Start of Data to use

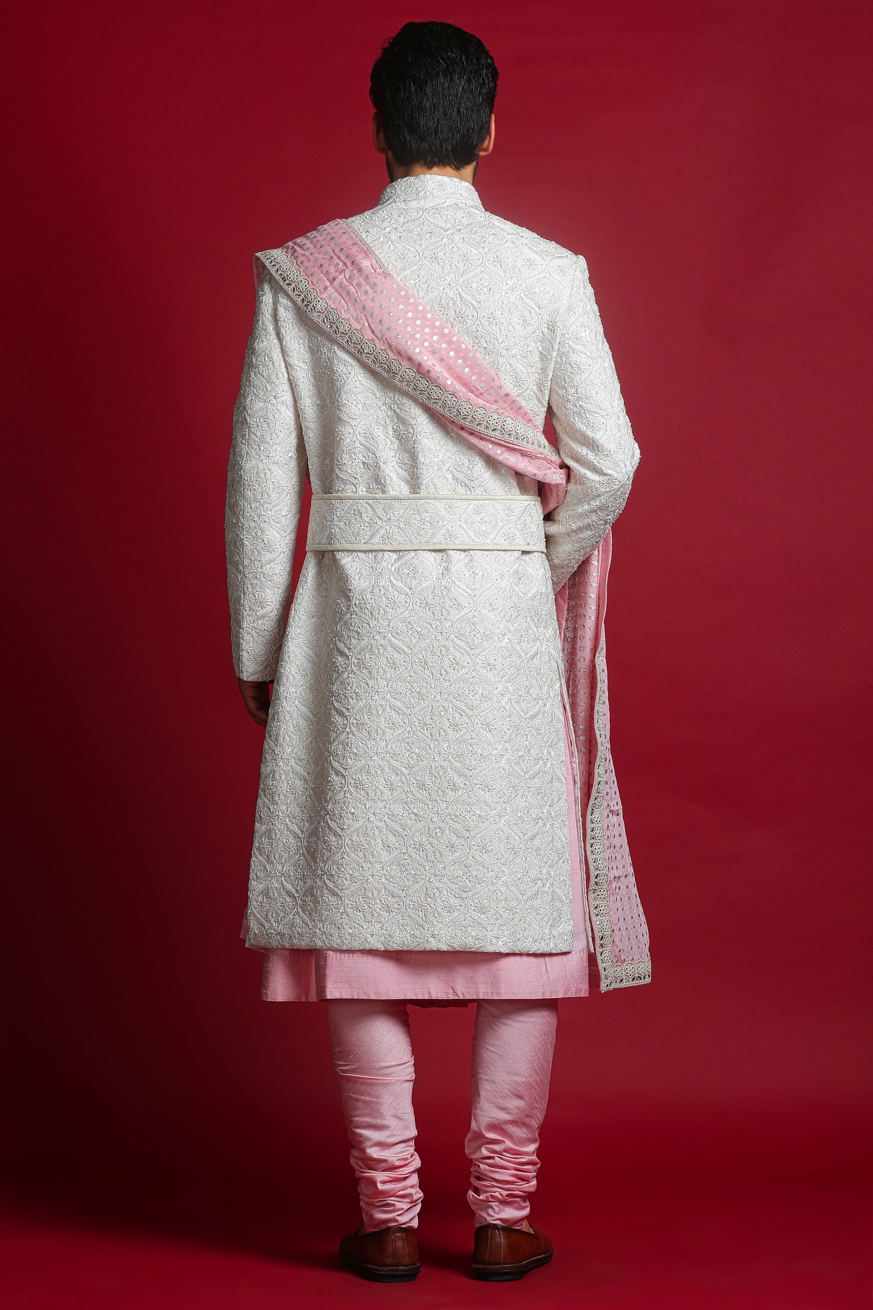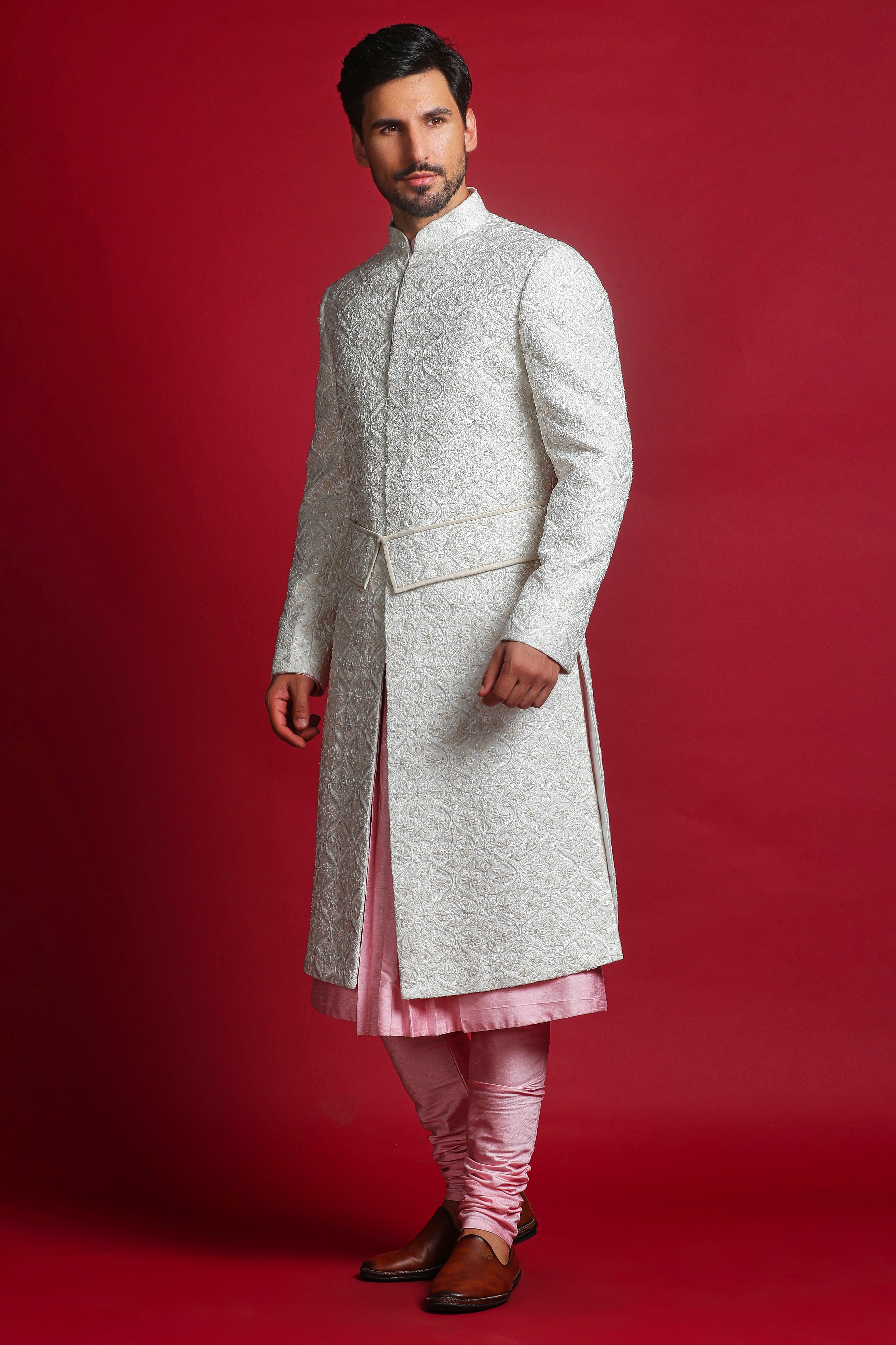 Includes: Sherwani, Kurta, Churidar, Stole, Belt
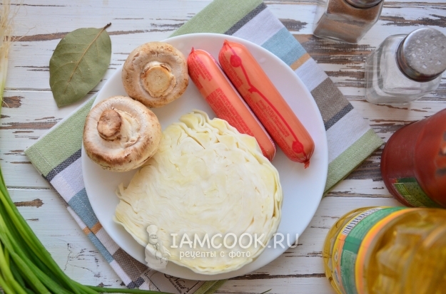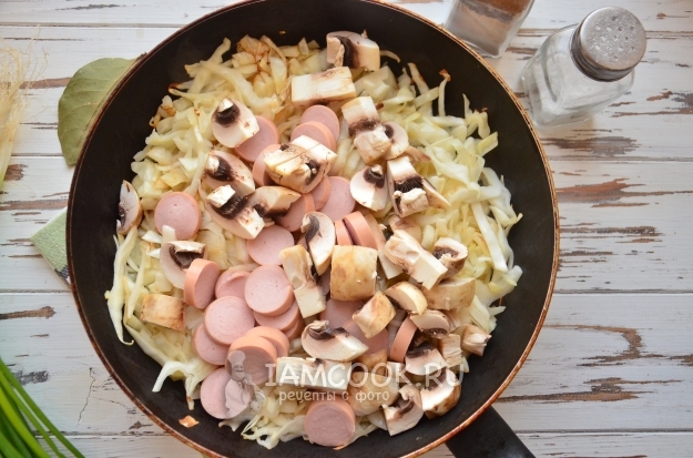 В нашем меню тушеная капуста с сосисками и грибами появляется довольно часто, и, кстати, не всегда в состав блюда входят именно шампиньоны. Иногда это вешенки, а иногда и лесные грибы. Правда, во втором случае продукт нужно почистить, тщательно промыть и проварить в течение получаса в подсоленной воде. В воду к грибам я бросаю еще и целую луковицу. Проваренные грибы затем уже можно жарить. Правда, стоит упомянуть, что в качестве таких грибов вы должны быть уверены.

End of Data to use
Start of Data to use

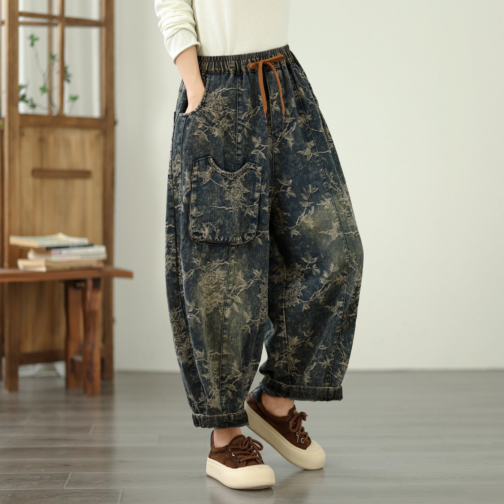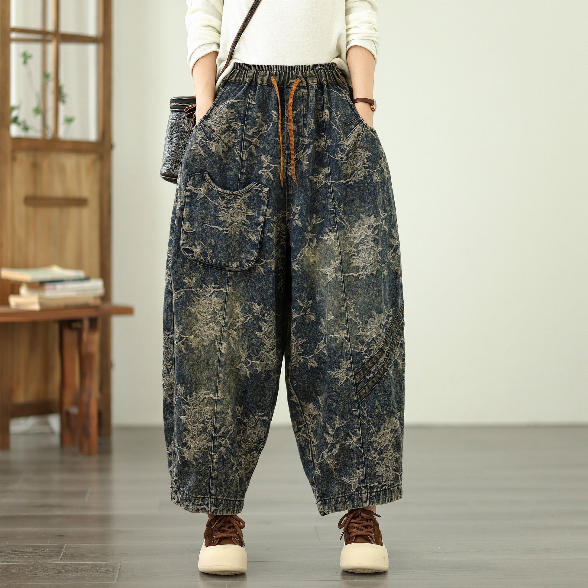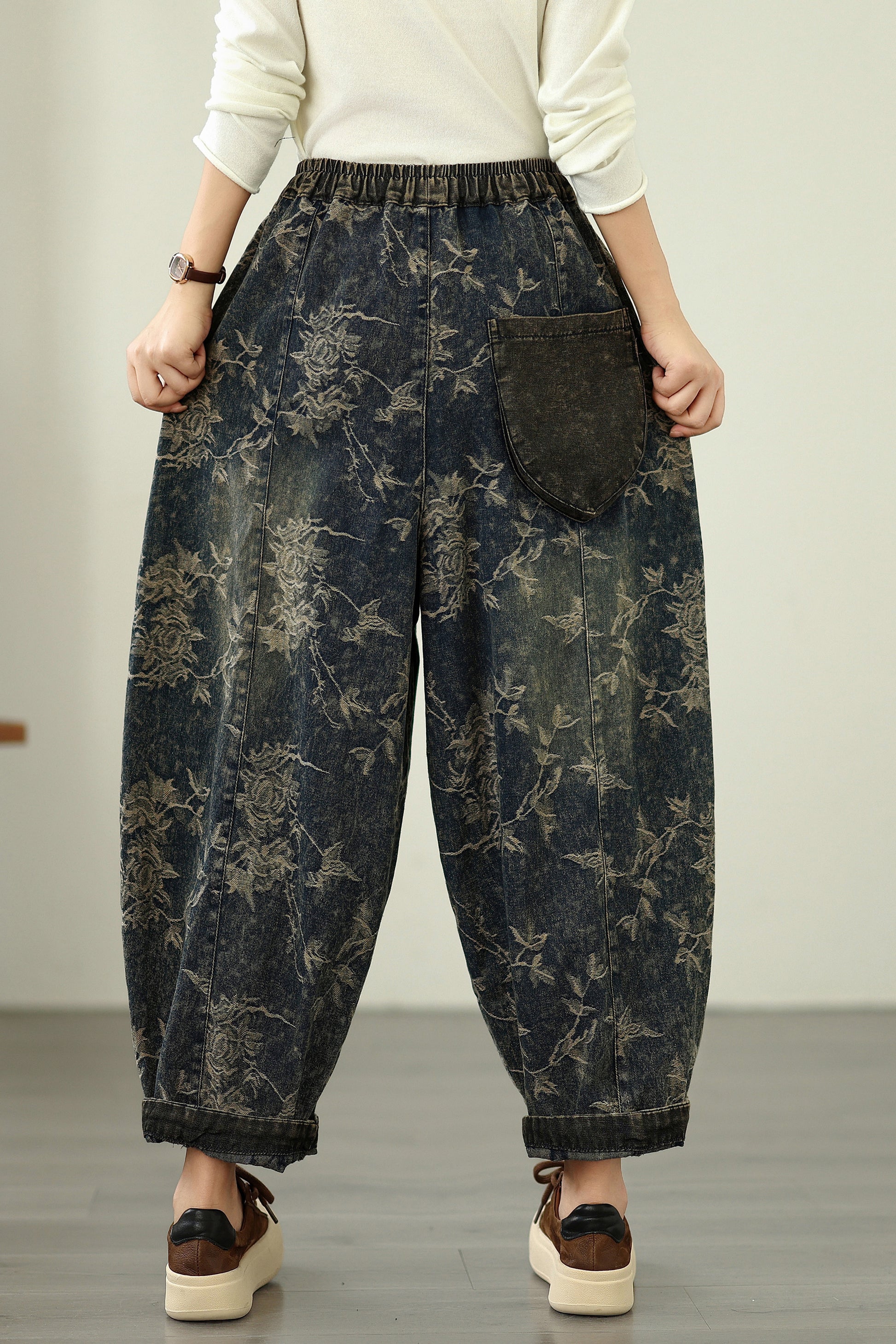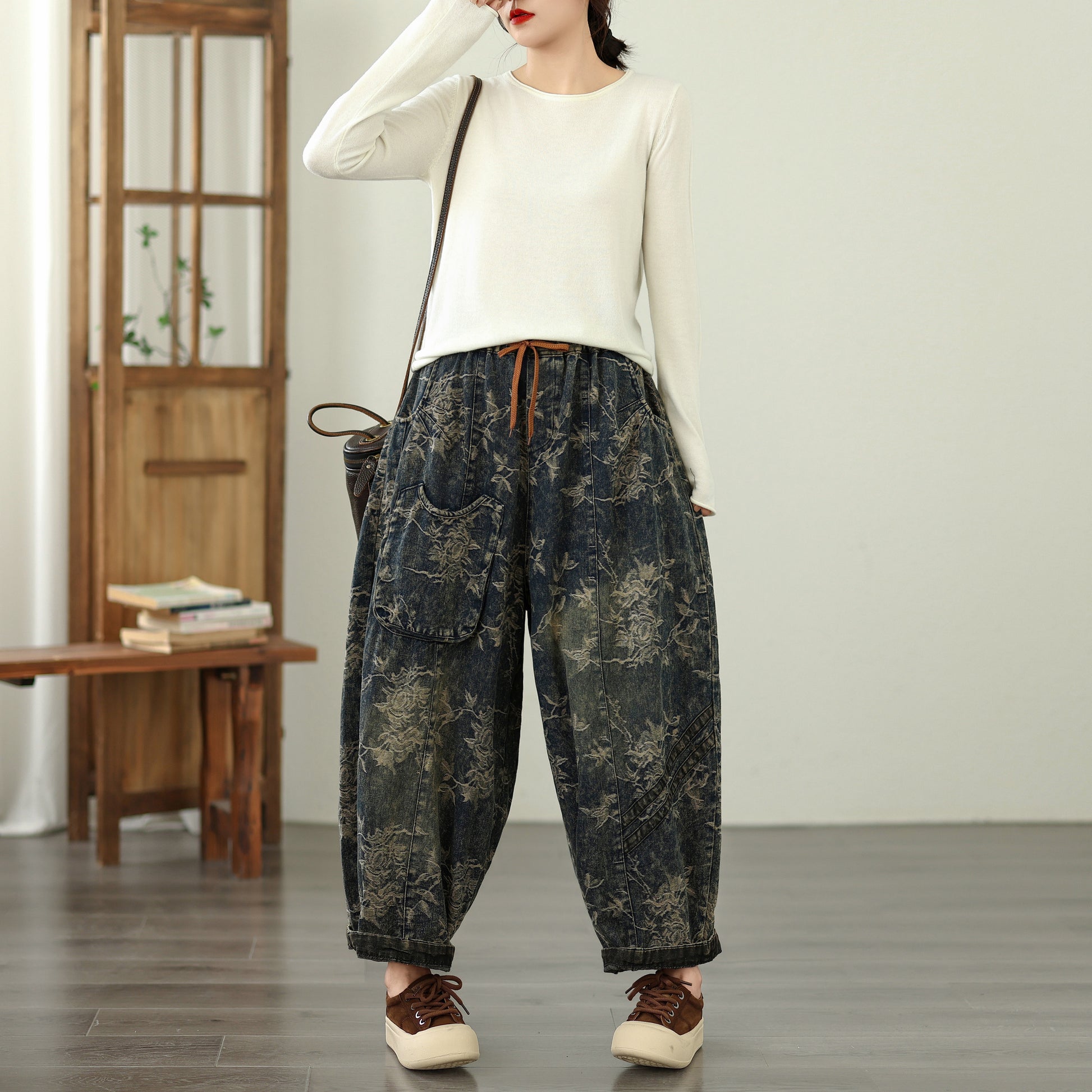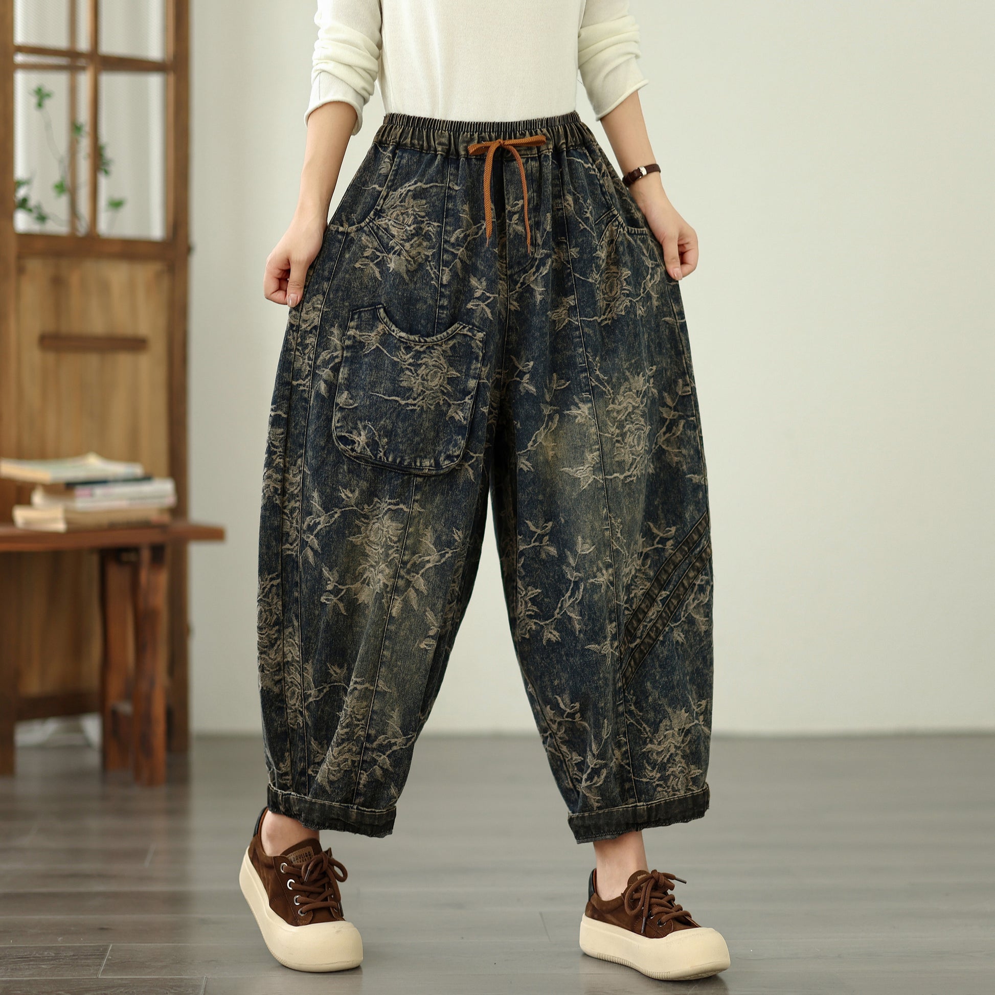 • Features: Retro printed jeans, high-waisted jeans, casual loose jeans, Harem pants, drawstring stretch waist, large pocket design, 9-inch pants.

End of Data to use

- What needs to be done:
Looking above, find the stretch of lines that opens with the one holding "Includes: Sherwani, Kurta, Churidar, Stole, Belt" and closes with the one holding "В нашем меню". Copy it exactly, pictures excluded.

- Solution to this problem:
 Includes: Sherwani, Kurta, Churidar, Stole, Belt
 В нашем меню тушеная капуста с сосисками и грибами появляется довольно часто, и, кстати, не всегда в состав блюда входят именно шампиньоны. Иногда это вешенки, а иногда и лесные грибы. Правда, во втором случае продукт нужно почистить, тщательно промыть и проварить в течение получаса в подсоленной воде. В воду к грибам я бросаю еще и целую луковицу. Проваренные грибы затем уже можно жарить. Правда, стоит упомянуть, что в качестве таких грибов вы должны быть уверены.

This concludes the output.